Try it »
Your task is to reproduce exactly the lines from the one containing "The cyclic voltammetry" through the last line below, both ends included, and nothing else, with no pictures.

Dataset section »
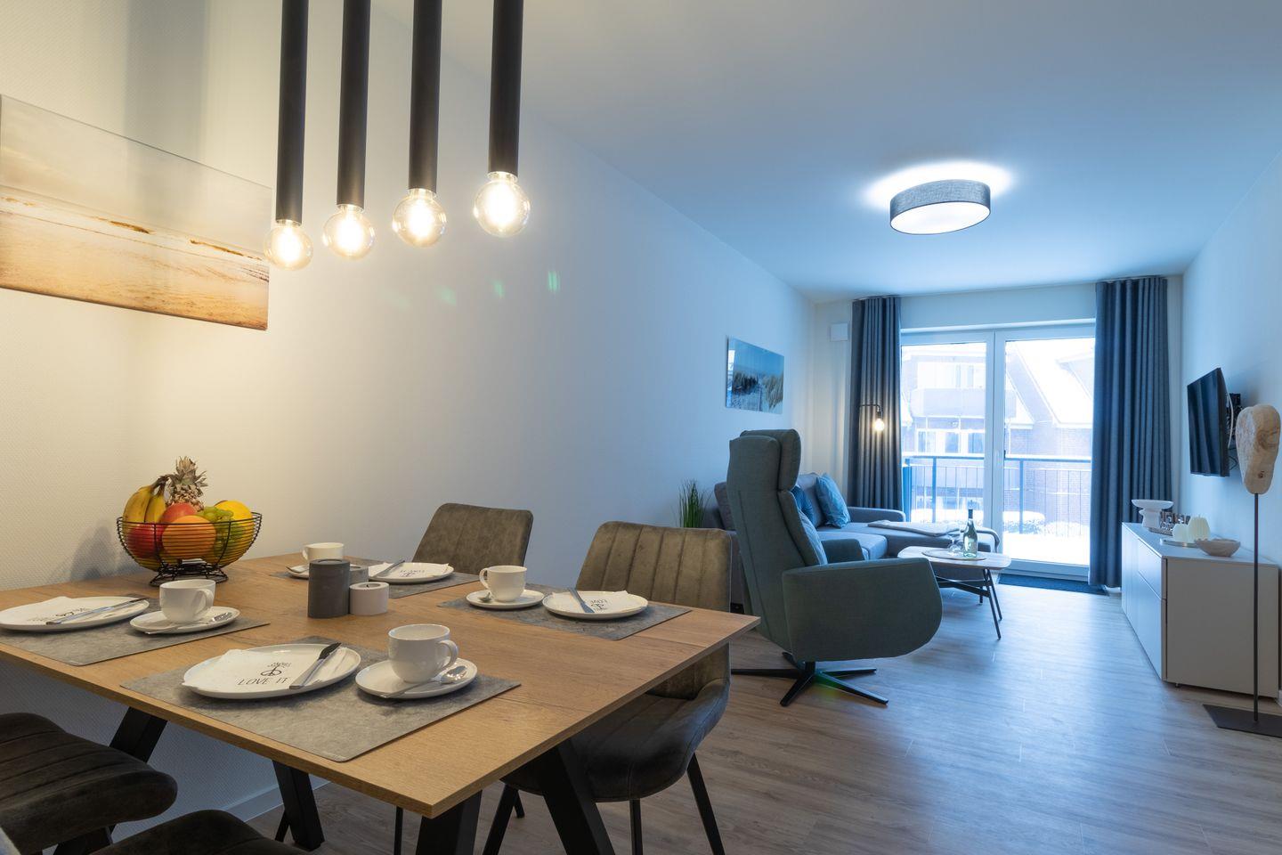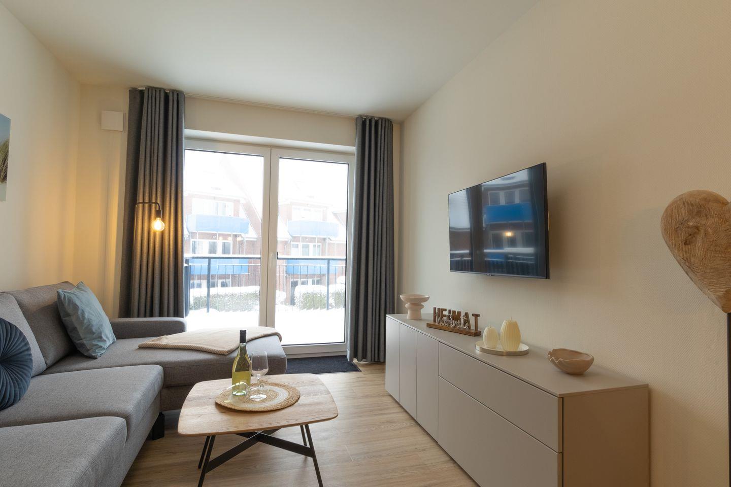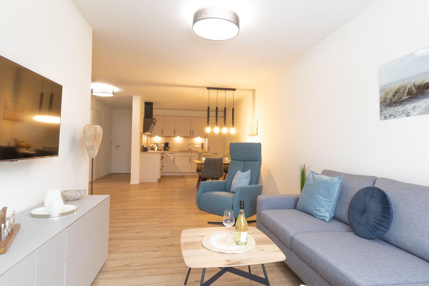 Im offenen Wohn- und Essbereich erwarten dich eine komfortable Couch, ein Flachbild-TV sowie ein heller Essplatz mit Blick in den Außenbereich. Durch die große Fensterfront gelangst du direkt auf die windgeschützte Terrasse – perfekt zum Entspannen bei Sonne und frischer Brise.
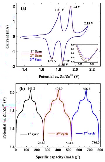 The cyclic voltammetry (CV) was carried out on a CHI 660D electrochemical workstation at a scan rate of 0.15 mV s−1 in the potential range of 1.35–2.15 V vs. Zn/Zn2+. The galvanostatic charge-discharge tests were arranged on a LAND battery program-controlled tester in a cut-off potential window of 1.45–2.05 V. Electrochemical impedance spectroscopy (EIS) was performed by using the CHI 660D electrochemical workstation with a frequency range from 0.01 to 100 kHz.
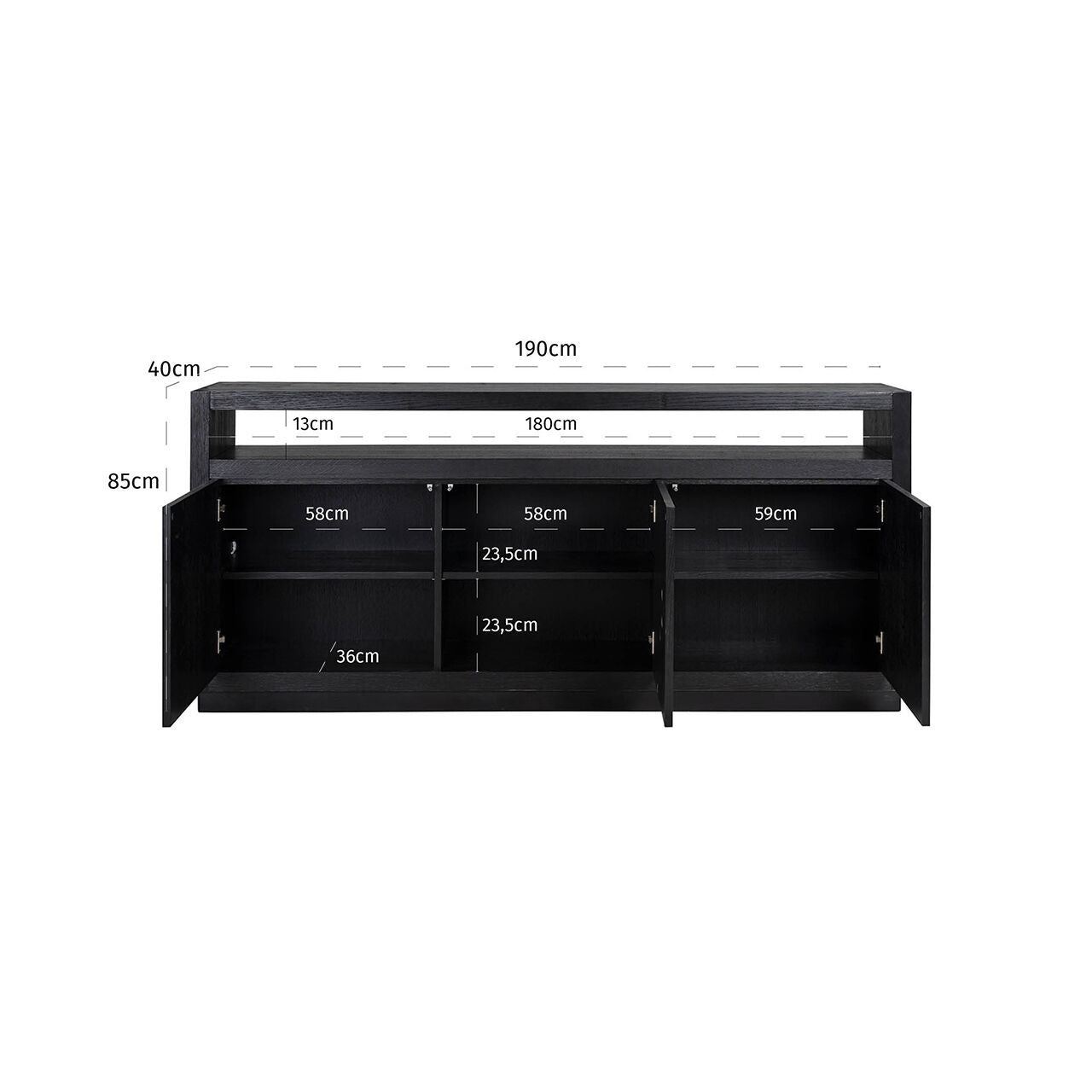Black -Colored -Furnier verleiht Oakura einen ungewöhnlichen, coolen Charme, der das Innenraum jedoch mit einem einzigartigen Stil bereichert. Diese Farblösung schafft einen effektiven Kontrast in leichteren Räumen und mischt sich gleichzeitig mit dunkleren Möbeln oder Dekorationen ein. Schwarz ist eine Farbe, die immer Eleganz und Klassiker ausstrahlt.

Expected output »
 The cyclic voltammetry (CV) was carried out on a CHI 660D electrochemical workstation at a scan rate of 0.15 mV s−1 in the potential range of 1.35–2.15 V vs. Zn/Zn2+. The galvanostatic charge-discharge tests were arranged on a LAND battery program-controlled tester in a cut-off potential window of 1.45–2.05 V. Electrochemical impedance spectroscopy (EIS) was performed by using the CHI 660D electrochemical workstation with a frequency range from 0.01 to 100 kHz.
Black -Colored -Furnier verleiht Oakura einen ungewöhnlichen, coolen Charme, der das Innenraum jedoch mit einem einzigartigen Stil bereichert. Diese Farblösung schafft einen effektiven Kontrast in leichteren Räumen und mischt sich gleichzeitig mit dunkleren Möbeln oder Dekorationen ein. Schwarz ist eine Farbe, die immer Eleganz und Klassiker ausstrahlt.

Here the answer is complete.